I like some of the following quotes very much – agree with them and find them supportive of my own thoughts.  Others I disagree with very much and quote them as examples of the modern intellectualism which I believe is a threat to our minds and our humanity.  I will append comments after some; which I will enclose in brackets.  Each quote has a title as a sort of introduction in my words.  These introductions are bolded. Quotes that are from other authors, cited by Bloom, will be in italics and followed by the name of the original author.  

All quotes are from the 2004 edition published by the Penguin Group in New York.

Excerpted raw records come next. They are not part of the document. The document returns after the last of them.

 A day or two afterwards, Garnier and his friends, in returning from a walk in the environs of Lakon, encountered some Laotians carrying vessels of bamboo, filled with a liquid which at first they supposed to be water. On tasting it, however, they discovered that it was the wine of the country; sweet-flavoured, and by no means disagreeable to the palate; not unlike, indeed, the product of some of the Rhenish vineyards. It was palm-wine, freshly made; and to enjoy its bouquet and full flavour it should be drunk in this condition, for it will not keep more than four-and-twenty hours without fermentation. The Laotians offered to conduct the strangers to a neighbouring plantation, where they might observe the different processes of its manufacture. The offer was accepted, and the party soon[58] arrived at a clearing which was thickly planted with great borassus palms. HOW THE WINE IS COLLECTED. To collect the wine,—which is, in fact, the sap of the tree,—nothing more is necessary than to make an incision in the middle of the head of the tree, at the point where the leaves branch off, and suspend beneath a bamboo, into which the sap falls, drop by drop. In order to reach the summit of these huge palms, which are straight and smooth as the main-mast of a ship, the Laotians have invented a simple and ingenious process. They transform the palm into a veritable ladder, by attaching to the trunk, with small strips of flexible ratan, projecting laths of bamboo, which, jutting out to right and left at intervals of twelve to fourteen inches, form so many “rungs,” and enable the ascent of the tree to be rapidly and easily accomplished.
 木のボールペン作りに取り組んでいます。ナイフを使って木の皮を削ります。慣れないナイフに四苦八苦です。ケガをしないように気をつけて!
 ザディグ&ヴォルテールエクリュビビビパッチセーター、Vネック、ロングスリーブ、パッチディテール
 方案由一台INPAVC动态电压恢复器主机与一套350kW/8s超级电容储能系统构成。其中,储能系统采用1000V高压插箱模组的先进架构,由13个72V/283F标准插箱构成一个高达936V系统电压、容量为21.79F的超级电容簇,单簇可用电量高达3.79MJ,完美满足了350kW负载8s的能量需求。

1. Who was the writer of the Bible?  “We know that the Five Books of Moses were not composed by Moses, and the Hebrews presumably knew this also.” pp. 11-12

2. Bloom’s need to Place a woman in the “Authors List”.  “I have some doubts as to the nation and creed of the wisdom writer who composed Job, just as I hold to my prior surmise that the J writer of the Hebrew Bible might well have been a Hittite woman.” p. 12 [I hold that this is Bloom’s 21st century political correctness run amuck.]

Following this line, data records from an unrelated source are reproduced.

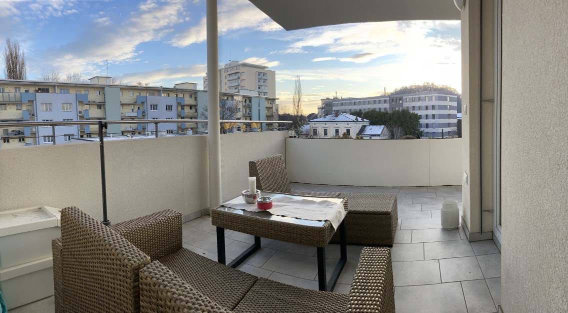 Aber das Beste ist der große 20m2 Balkon (Süd-West), wo den ganzen Tag, von in der Früh bis abends, die Sonne scheint. Die Aussicht zum Schlossberg und zum Plabutsch ladet ein, ständig ein Getränk auf dem Balkon zu genießen und der Sonne zu baden. Ich kann nicht sagen, wie viele Abende ich den Sonnenuntergang genossen habe. Traumhaft!
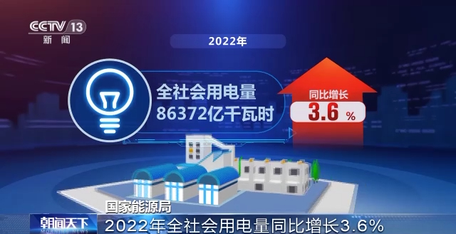 国家能源局昨天(18日)发布数据,2022年,全社会用电量86372亿千瓦时,同比增长3.6%。分产业看,第一、二、三产业用电量同比分别增长10.4%、1.2%和4.4%,城乡居民生活用电量同比增长13.8%。
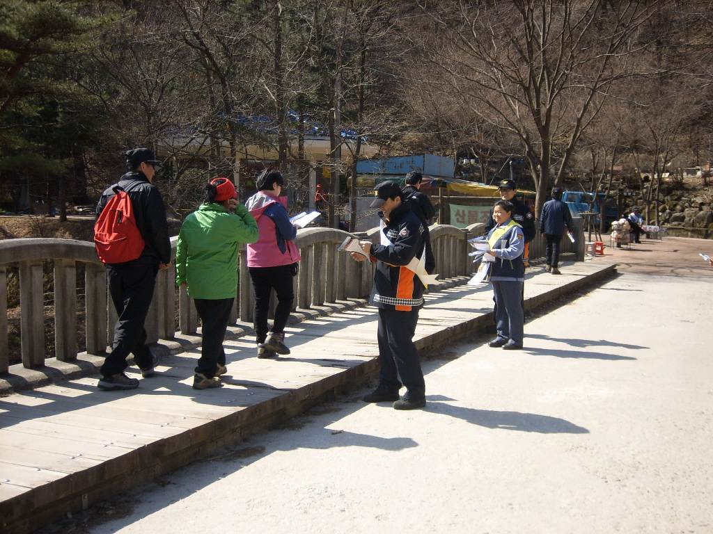 북산남녀의용소방대원 60여명과 함께 어깨띠를 착용하고 전단지를 배부하면서 산불예방의 중요성을 홍보함은 물론, 산불 취약지점을 찾아 주변 정리를 하고 청평사 주민들에게 산불조심의 당부도 잊지 않았습니다.

3. The Sources of Melville’s Moby – Dick. “Behemoth and Leviathan plainly represent the sanctified tyranny of nature over men. “ p. 15 [I believe this is represented in Moby-Dick, which I read as man’s necessary but futile struggle to master nature, his tragic duty which he can neither escape or accomplish.] 

3. The Theme of the Book. “But where shall wisdom be found? and where is the place of understanding?”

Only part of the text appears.